Seva nyengir sambil melihat isi rumah itu, berantakan, penuh dengan buku yang berserakan. "Enak juga ya kalau punya rumah sendiri, nggak tinggal di asrama terus..." kata si Seva.
"Ya sudah, keluar aja, tinggal di sini sama aku..." kata si Lado.
"Aku bisa digantung bapakku!" Seva tertawa, "Katanya mau disuguhi kopi, Do..."
"Ya bentar, kupesankan di depan..." kata si Lado yang kemudian meninggalkan dua temannya itu.
"Enak ya kerja di partai, bisa punya rumah di Tiflis..." kata si Seva saat Lado meninggalkannya bersama Soso yang asyik melihat-lihat buku-buku yang terserak.
"Dia masih nyewa.." jawab Soso.
"Ya sama aja, sewa rumah segede ini kan mahal. Apalagi di sini kan kawasan elit, tempat orang-orang kaya Jerman tinggal..." kata si Seva.
Soso diam, ia menemukan satu buku yang menarik di antara tumpukan buku-buku yang lain, Bsy[1] yang ditulis oleh Fyodor Dostoevsky, nama yang sudah cukup akrab, tapi ia belum pernah membacanya. Saat si Seva masih mengagumi rumah tempat tinggal si Lado, Soso mulai membacanya.
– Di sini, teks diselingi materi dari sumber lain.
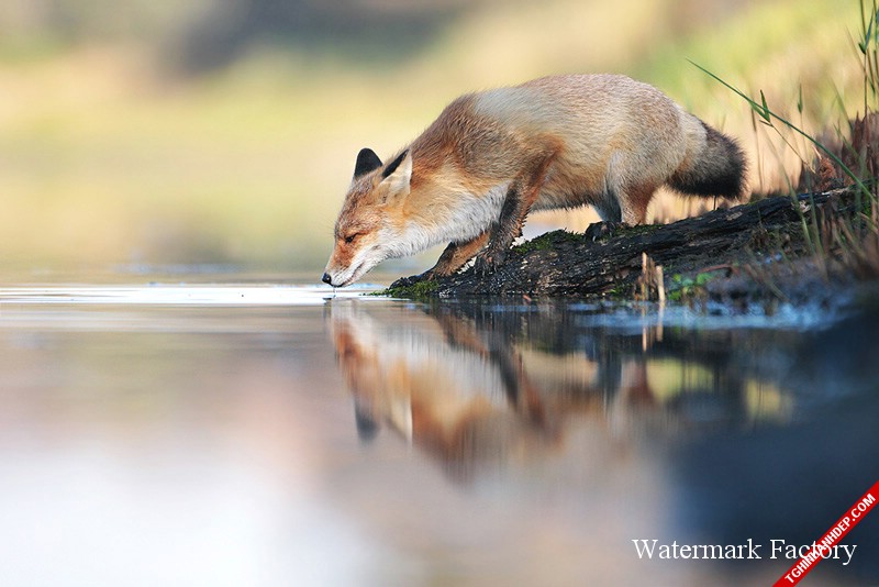 Sói đỏ rón rén uống nước ở bờ sông

Tak lama, Lado kembali dengan tiga cangkir kopi. Soso bergabung dengan dua temannya sambil membawa buku itu. "Bisa kupinjam buku ini, Do?" tanyanya pada Lado.
"Bawa aja, aku sudah selesai membacanya," jawabnya. "Mungkin bagus supaya kau mulai berpikir tentang revolusi!"
Soso tak melanjutkan bacaannya. Nanti saja, ia akan membawa buku itu ke asrama dan mencari kesempatan untuk membacanya. Lado mengambil dua buah cangklong dan memberikan salah satunya kepada Soso. Ia juga mulai mengisinya dengan tembakau dan membaginya juga dengan Soso. Soso menikmati cangklongnya sendirian, sementara si Lado harus 'mengajari' dulu si Seva menikmati kopi dan tembakau.